Kael stepped through first. The moment his boot crossed the threshold, he felt a sharp pull deep in his spine—not physical, but metaphysical. Like memory chains locking into place. The citadel knew him. It knew all of them.

The mirrors began to ripple, like disturbed water.

From one, a version of Kael stepped out—eyes glowing a violent crimson, lips twisted in a grin that mirrored none of his humanity. His blade, familiar yet corrupted, dripped with Aeris's blood. He said nothing. He simply charged.

Aeris faced her mirror-self, dressed in a tattered gown of shadow and crowned in living thorns. Her doppelgänger spoke in a language composed of screams, uttering truths Aeris had buried deep within.

Dray stood in a storm of children—each one a version of himself. One bore an innocent smile, one wept, one screamed, one held a rusted blade—and each one asked: "Why did you let us die?"

The battle was not of steel, but of psyche. They fought their deepest selves—fought not to kill, but to survive what they could become. To resist the truths that clawed at them.

Kael locked blades with his double, the clang of metal ringing like bells of judgment. He gritted his teeth, holding the upper hand by inches. "I am not this," he spat.

"No," the double smirked, "But you're only one bad day away."

Aeris stared into her reflection's eyes and whispered, "I'm sorry I feared you."

The mirror cracked.

Dray fell to his knees, clutching his head. "Not again… not this time." The children faded into stardust, their voices echoing one last word: "Choose."

When they emerged from the mirror hall, the citadel had changed.

The floor beneath them was now a sprawling garden—except everything was dead. Trees formed from black ash reached toward the sky, their leaves made of broken timepieces. Flowers bloomed in silence, petals of molten glass. Wind chimes of bone sang hollow songs.

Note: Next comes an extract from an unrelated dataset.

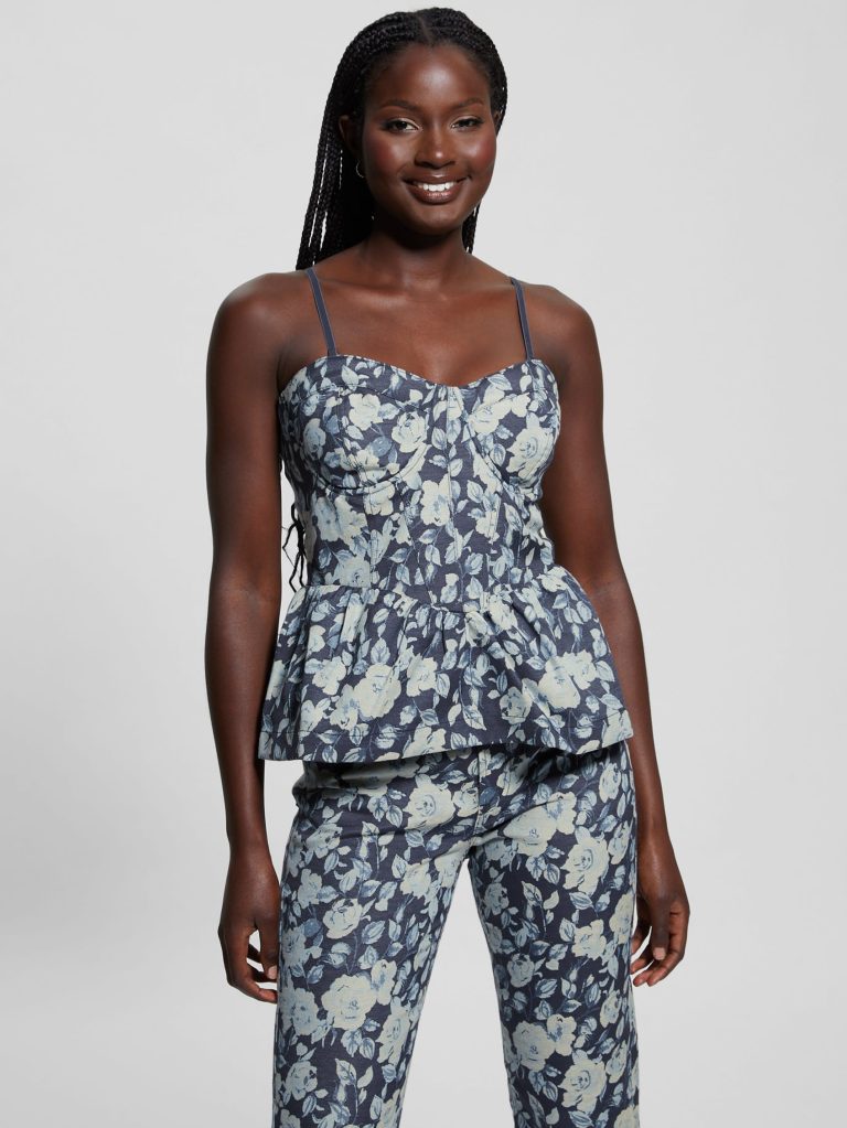 Jacquard-woven floral denim bustier top.

At the center stood Veyra.

She looked radiant, terrible, and calm. Her eyes burned with ancient fire. Her voice carried like prophecy:

"Before you fight me," she said, "Know this: I did not create this citadel. You did. Every dark path, every cruel decision, every piece you chose to forget—it built this."

And with a single wave of her hand, the garden fractured.

The petals became blades. The trees burst into spectral flame. The sky above cracked—and the final war of remembrance began.